* [What the task requires]
Restate word for word the section of the entries that opens at the line containing "Amanda49 Leisure Grid" and closes at the line containing "汽車出口創(chuàng)歷", both lines kept, pictures dropped.

* [Stored data]
------------------------------
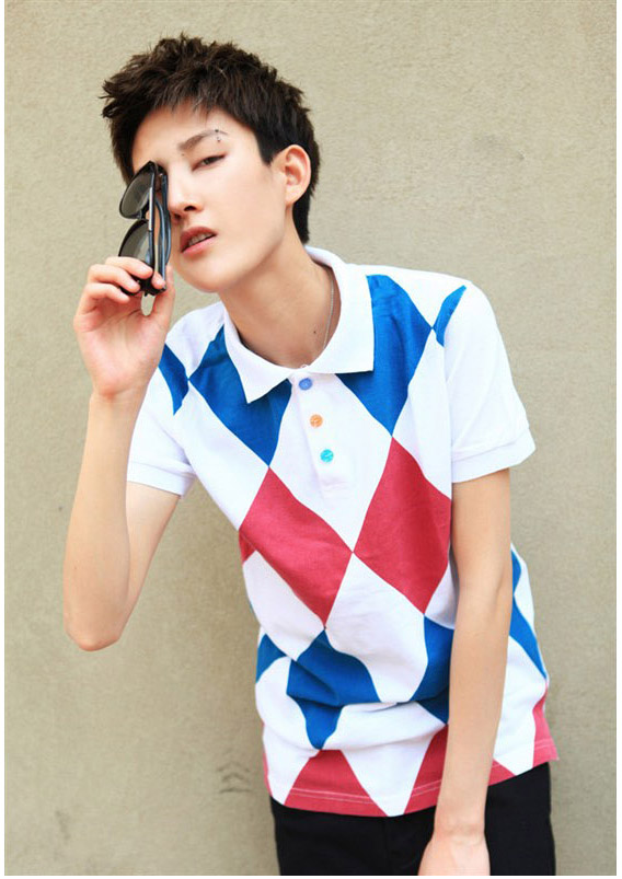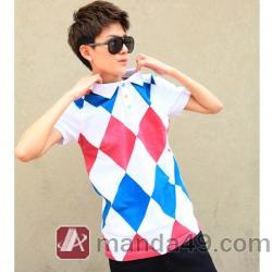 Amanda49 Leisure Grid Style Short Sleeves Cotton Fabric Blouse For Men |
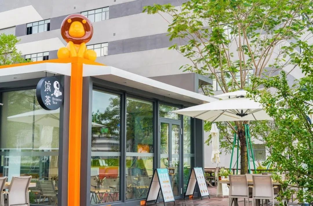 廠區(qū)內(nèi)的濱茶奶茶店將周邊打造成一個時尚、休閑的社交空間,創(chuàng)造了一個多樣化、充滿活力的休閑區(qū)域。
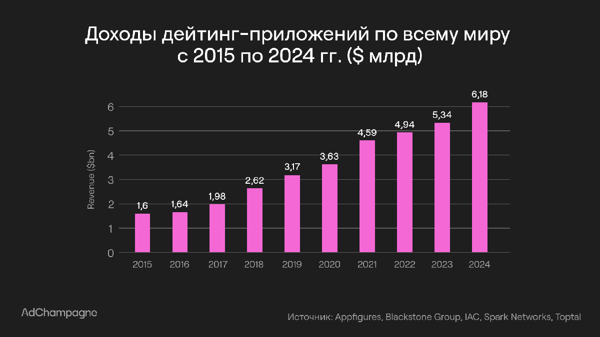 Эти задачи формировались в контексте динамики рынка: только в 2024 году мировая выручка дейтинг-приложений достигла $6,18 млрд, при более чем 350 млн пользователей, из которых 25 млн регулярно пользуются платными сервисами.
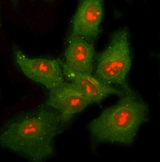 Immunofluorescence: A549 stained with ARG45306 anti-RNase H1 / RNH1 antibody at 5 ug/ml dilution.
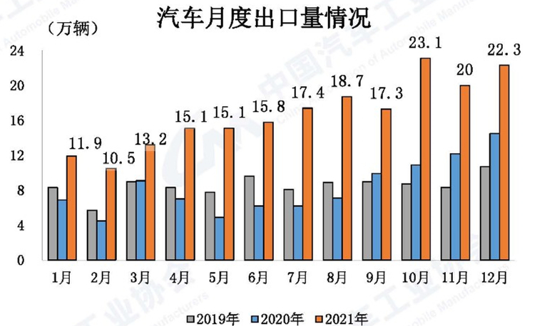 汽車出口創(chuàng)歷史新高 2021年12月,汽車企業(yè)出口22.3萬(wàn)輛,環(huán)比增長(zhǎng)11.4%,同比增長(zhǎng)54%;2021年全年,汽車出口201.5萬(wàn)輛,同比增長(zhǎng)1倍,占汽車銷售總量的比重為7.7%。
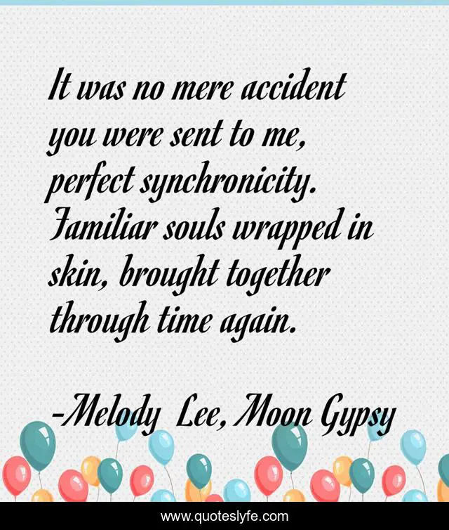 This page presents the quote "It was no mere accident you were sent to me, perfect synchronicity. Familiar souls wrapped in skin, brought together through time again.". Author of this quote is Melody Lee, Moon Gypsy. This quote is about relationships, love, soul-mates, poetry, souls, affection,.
------------------------------
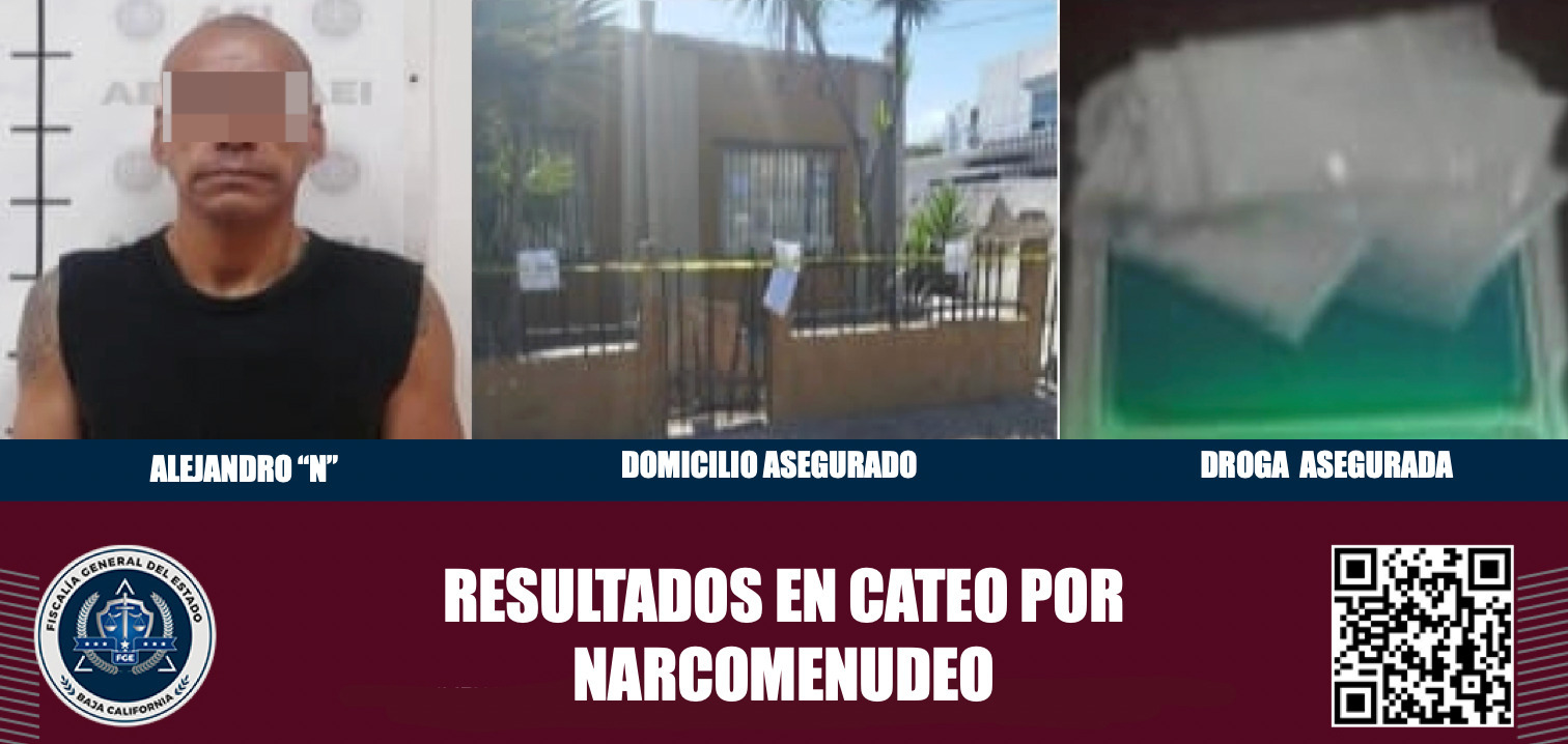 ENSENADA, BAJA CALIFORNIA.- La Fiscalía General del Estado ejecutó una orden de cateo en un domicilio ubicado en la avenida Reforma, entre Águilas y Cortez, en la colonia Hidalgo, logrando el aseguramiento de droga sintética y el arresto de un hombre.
------------------------------
* [Solution below]
 Amanda49 Leisure Grid Style Short Sleeves Cotton Fabric Blouse For Men |
 廠區(qū)內(nèi)的濱茶奶茶店將周邊打造成一個時尚、休閑的社交空間,創(chuàng)造了一個多樣化、充滿活力的休閑區(qū)域。
 Эти задачи формировались в контексте динамики рынка: только в 2024 году мировая выручка дейтинг-приложений достигла $6,18 млрд, при более чем 350 млн пользователей, из которых 25 млн регулярно пользуются платными сервисами.
 Immunofluorescence: A549 stained with ARG45306 anti-RNase H1 / RNH1 antibody at 5 ug/ml dilution.
 汽車出口創(chuàng)歷史新高 2021年12月,汽車企業(yè)出口22.3萬(wàn)輛,環(huán)比增長(zhǎng)11.4%,同比增長(zhǎng)54%;2021年全年,汽車出口201.5萬(wàn)輛,同比增長(zhǎng)1倍,占汽車銷售總量的比重為7.7%。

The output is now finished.